Albery Allson Whitman

Poet

  • Born: May 30, 1851
  • Birthplace: Near Munfordville, Kentucky
  • Died: June 29, 1901
  • Place of death: Atlanta, Georgia

Biography

Albery Allson Whitman was born to slave parents on May 30, 1851, on a Kentucky estate. By 1863, at age twelve, he was an orphan and chose to leave field work, traveling until finally settling in Troy, Ohio. His first job at a plough shop was followed by a stint in railroad construction. Eventually, he secured teaching posts in Ohio and then Kentucky, a true accomplishment considering his total seven months of formal education.

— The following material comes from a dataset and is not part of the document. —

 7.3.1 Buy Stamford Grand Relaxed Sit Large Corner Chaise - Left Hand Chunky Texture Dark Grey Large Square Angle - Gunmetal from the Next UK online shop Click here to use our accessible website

In about 1870, Whitman enrolled at Wilberforce University, where he was befriended by the President, Daniel Alexander Payne, a man of some renown who became a major influence. He encouraged Whitman to follow his path as a church leader and Whitman soon had congregations in several churches. By 1877, though his education at Wilberforce was limited to about six months, he had become the school’s general agent, an elder in the African Methodist Episcopal Church (AME), and the pastor of a church. Though Whitman may have suffered from alcoholism, he never lost the devotion of his followers.

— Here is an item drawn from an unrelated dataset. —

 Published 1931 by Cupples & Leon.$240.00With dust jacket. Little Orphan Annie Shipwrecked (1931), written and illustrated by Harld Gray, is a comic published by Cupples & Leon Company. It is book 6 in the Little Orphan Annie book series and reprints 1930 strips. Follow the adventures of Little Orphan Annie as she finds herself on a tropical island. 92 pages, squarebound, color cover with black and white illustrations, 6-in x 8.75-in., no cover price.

Incomplete records show that Whitman married a woman named Caddie. They had two girls, who, by the early twentieth century, had teamed up to become a well-known vaudeville act.

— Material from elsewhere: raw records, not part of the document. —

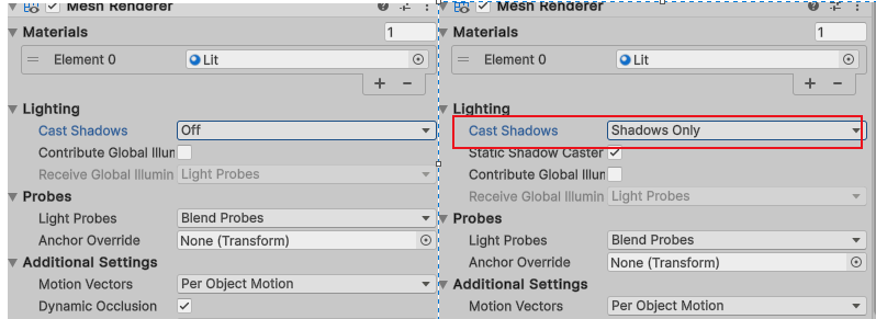Unity에서는 원본 모델의 Cast Shadows를 Off로 바꾸고, 그림자 프록시를 Shadows Only로 설정하면 됩니다. 참고로 그림자 프록시는 잘못된 셀프 셰도우를 유발할 수 있는데, 이 부분은 뒤에서 좀 더 자세히 다루겠습니다.
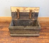 Here we have an antique wooden goods box, it is beautifully made and has been refurbished by our in-house carpenter. It’s in great condition and has bags of character! The front board of the lid has been replaced and restored with a relic peice of wood. As you can see it has been well matched…
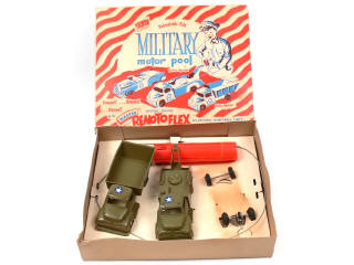 contient : un camion de dépannage (quelques traces de colle sur la cabine & crochet de chèvre manquant), un camion-benne basculante, une télécommande à câble & 2 essieux avec roues de rechange - avec cale de boîte - manque la voiture d'état-major - commande à piles non testée - longueur de chaque camion : 18.5 cm & 20.5 cm

By 1877, Whitman was also an established poet, being called the poet laureate of Negro poetry and laying claim to having authored the longest poem (of five thousand lines) by an African American. That work, appearing in a larger collection as Not a Man and Yet a Man, with Miscellaneous Poems, along with The Rape of Florida, later renamed Twasinta’s Seminoles: Or, Rape of Florida, sealed his reputation as a serious poet. What his work lacked in originality and form, derivative as it was of the classics, it made up for in substance and the nuances in his message.

While Whitman did not deal directly with racial issues, perhaps hoping to garner a wider audience, he did bring to light the atrocities suffered by others—Native Americans, interracial couples, mulattoes—at the hands of white oppressors, with obvious parallels to the African American situation. He said that while he himself may have been held in bondage, he had never considered himself a slave. He recognized the evils of slavery but felt that all that was needed to bring about the awareness of the innate dignity and worth of all people was for those deemed inferior to prove, through action and deed, that they were not. He preached self-reliance and self-improvement.

Whitman’s ability to bring sound and sense to his lyrics made him especially distinct. He said: “Before I could write a letter, I was trying to scribble down what the birds and bees and cows were saying and what even the dumb rocks were thinking. Nature has ever had a speech for me, and in listening to her voice, lies my satisfaction.” His love of poet Henry Wadsworth Longfellow led him to send the poet two letters with samples of his work, but, after receiving no response, he turned to George Gordon, Lord Byron, for inspiration.

In 1901, Whitman contracted pneumonia. His already weakened system was unable to fight the affliction and he died in Atlanta at age fifty.